Anything goes As for philosophy, it makes an architect high-minded and not self-assuming, but rather renders him courteous, just, and honest without avariousness. This is very important, for no work can be rightly done without honesty and incorruptibility.
—Vitruvius, The Ten Books on Architecture
With a new series of conferences, books, journals, and T-shirts, the New York architect Peter Eisenman and his colleagues have once again reminded us that the story of the tower of Babel has great pertinence to contemporary intellectual culture. The inaugural publication in his new venture is a three-hundred-odd-page confection from Rizzoli entitled Anyone. Since the perfect-bound paperback costs $45 and is utterly devoid of intellectual merit, we cannot recommend that anyone (if we may use the term) purchase the magazine. But those interested in new developments in pretension and bad taste in the graphic arts may wish to thumb through the volume in their local bookstores. It must be seen to be believed. Grotesquely overdesigned by Massimo Vignelli, Anyone is printed in a bewildering variety of type-sizes on pink paper. The favored ensemble is red ink on pink paper, though there is plenty of black on pink and even reversed type: pink on black. Its pages are strewn with poorly reproduced half-tones and architectural scribbles. Occasionally, text is printed over an image, a particularly unreadable combination. Credits inform us that the text and images were prepared entirely by computer: who could doubt it! The magazine really should come with a ophthamological warning and a bottle of aspirin. The only thing to be said for the design is that it provides a perfect visual analogue for the rebarbative incoherence of the magazine’s contents.
Edited by Cynthia Davidson, Mr. Eisenman’s wife, Anyone is essentially a revised transcript of a large and lavishly publicized “multi-disciplinary and cross-cultural” conference by the same name that was held at the Getty Center for the History of Art and the Humanities in Los Angeles last May. Participants included such left-wing academic stars as Jacques Derrida, Fredric Jameson, and Rosalind Krauss, a few of their industrious academic epigones, such as Mark C. Taylor and John Rajchman, and a garland of fashionable architects from Frank O. Gehry and Rem Koolhaas to Arata Isozaki and, of course, Mr. Eisenman himself. The “Anyone” conference was the first of a projected eleven such events, each to be held in a different city (the next is scheduled for Tokyo), each to be devoted to a different any word (anyhow, anywhere, anything, etc.), each, God help us, to be followed by a publication similiar to Anyone. The subject of the first installment, we were told, “was defined to include issues of signature, the author, and the individual as they relate to architecture.” Thanks for that. Press material also explained that the Any series (ANY being an acronym for “Architecture New York”) will include a bimonthly magazine called Any, scheduled to start appearing in the fall of 1992, and a line of Any books “on the subject of architecture and its relationships to other discourses.”

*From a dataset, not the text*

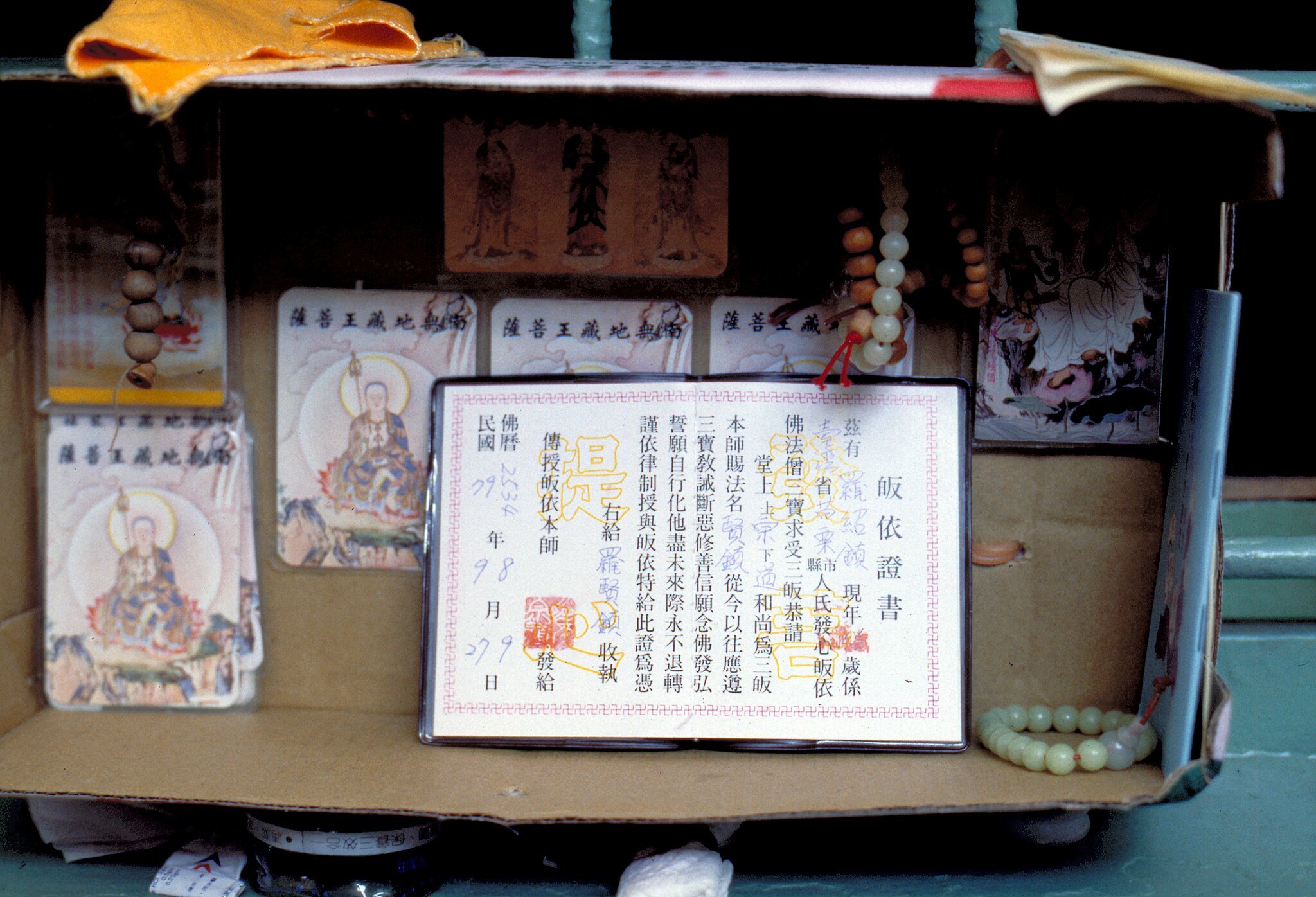 一張皈依證、幾幀佛像、念珠,觀護所的孩子就在獄舍內佈置出一間小佛堂。(邱瑞金)

“Other discourses?” Oh, yes. Those who have followed Mr. Eisenman’s career know that the New York architect regards architecture more as a verbal than a practical art: like his colleagues, he loves referring to architecture as a “discourse.” And although he has lately begun building in earnest—the Wexner Center for the Visual Arts in Columbus, Ohio, being only his most publicized recent project—he is clearly more comfortable talking about … well, we were going to say “about architecture,” but Mr. Eisenman really doesn’t talk much about architecture. Nor, come to think of it, is “clearly” the mot juste. The hermetic language that Mr. Eisenman has evolved for himself—a remarkable academic patois that manages to avoid touching reality at any point—is anything but clear. And even “comfortable,” come to think of it, is incorrect, for if there is one thing that Mr. Eisenman successfully eschews, in his buildings as much as in his writing, it is comfort.

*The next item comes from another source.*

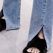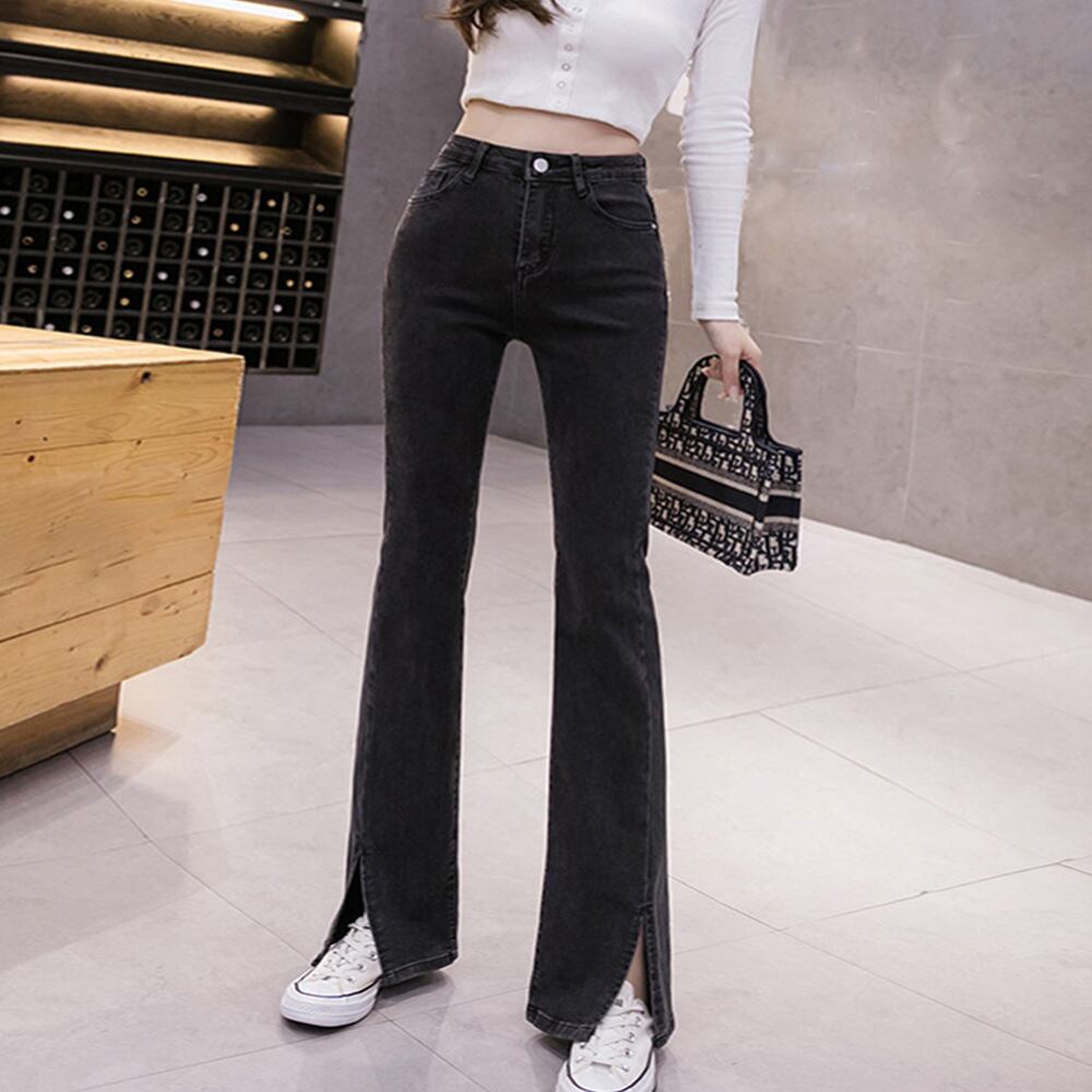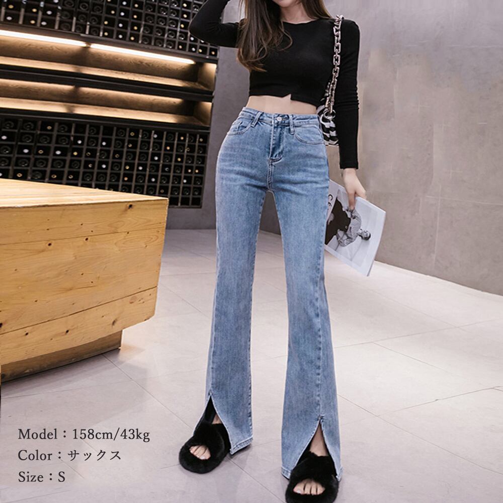 スキニーパンツ 裾スリット ブーツカットパンツ ハイウエスト ストレッチジーンズ 着やせ

Just how bad is it? We have Mr. Eisenman, in his paper on passion in architecture, informing us that “[t]he traditional dialogue in architecture has always been constituted in terms internal to language—between form and content, rather than between the self and language.” We have Derrida beginning his “impromptu remarks” by asking “how can one make a point? As I try to say something on the subject of the point and the point of the subject, I must also ask something of the stranger and the foreigner,” etc., etc. Then there is Fredric Jameson denouncing “the concept of personal identity” and Rosalind Krauss meditating on Georges Bataille’s essay “The Big Toe.” To get the full effect, however, we must sample a somewhat longer passage. Here is a bit from Mark C. Taylor’s contribution, “The Subject of Architecture.” “The polycentricism of postmodern subjectivity,” Professor Taylor tells us,
is intersubjective as well as intrasubjective. The universality of the ontologico-epistemic subject is dispersed in a multiplicity of subjects themselves inwardly fragmented. In this way, polycentricism inverts but does not subvert the monocentricism of the modern subject. It is as though each subject were constituted by a plurality of ontologico-epistemic subjects that have lost their universality.

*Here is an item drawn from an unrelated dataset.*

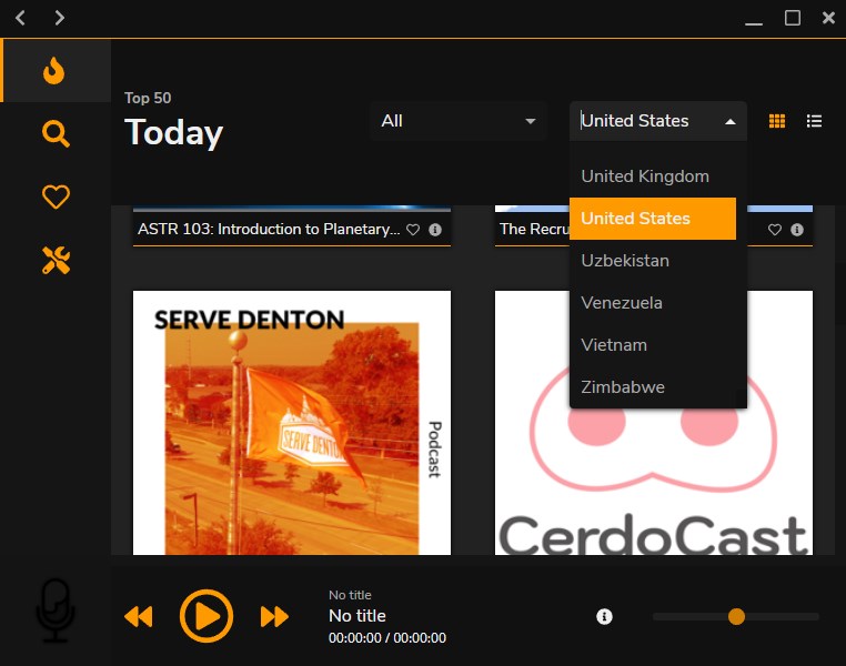 Использование программы начинается с запуска интерфейса, где пользователь видит список популярных подкастов, отсортированных по умолчанию в соответствии с выбранным регионом. Для поиска конкретного шоу можно воспользоваться строкой поиска или перейти в раздел по жанрам, что упрощает навигацию. При выборе интересующего канала открывается список доступных эпизодов, каждый из которых сопровождается описанием, длительностью и датой выхода. Нажатие на эпизод запускает его воспроизведение в потоковом режиме без задержек. Пользователь может добавить подкаст в избранное, чтобы быстро возвращаться к нему в будущем. Настройки позволяют менять цветовую тему и устанавливать предпочитаемую страну для отображения контента. Однако, отсутствие учётной записи означает, что все изменения остаются локальными и не переносятся на другие устройства.

Perhaps all this points to the ineluctable instability of language; maybe it betokens a crisis of meaning in Western capitalist societies, enslaved as they are to a logocentric rationalism and patriarchy; but just possibly it illustrates the extent to which deconstruction and allied ideologies have corrupted intellectual exchange even outside the academy. Aristophanes, we recall, called it cloud-cuckoo-land. It is certainly not what Vitruvius had in mind.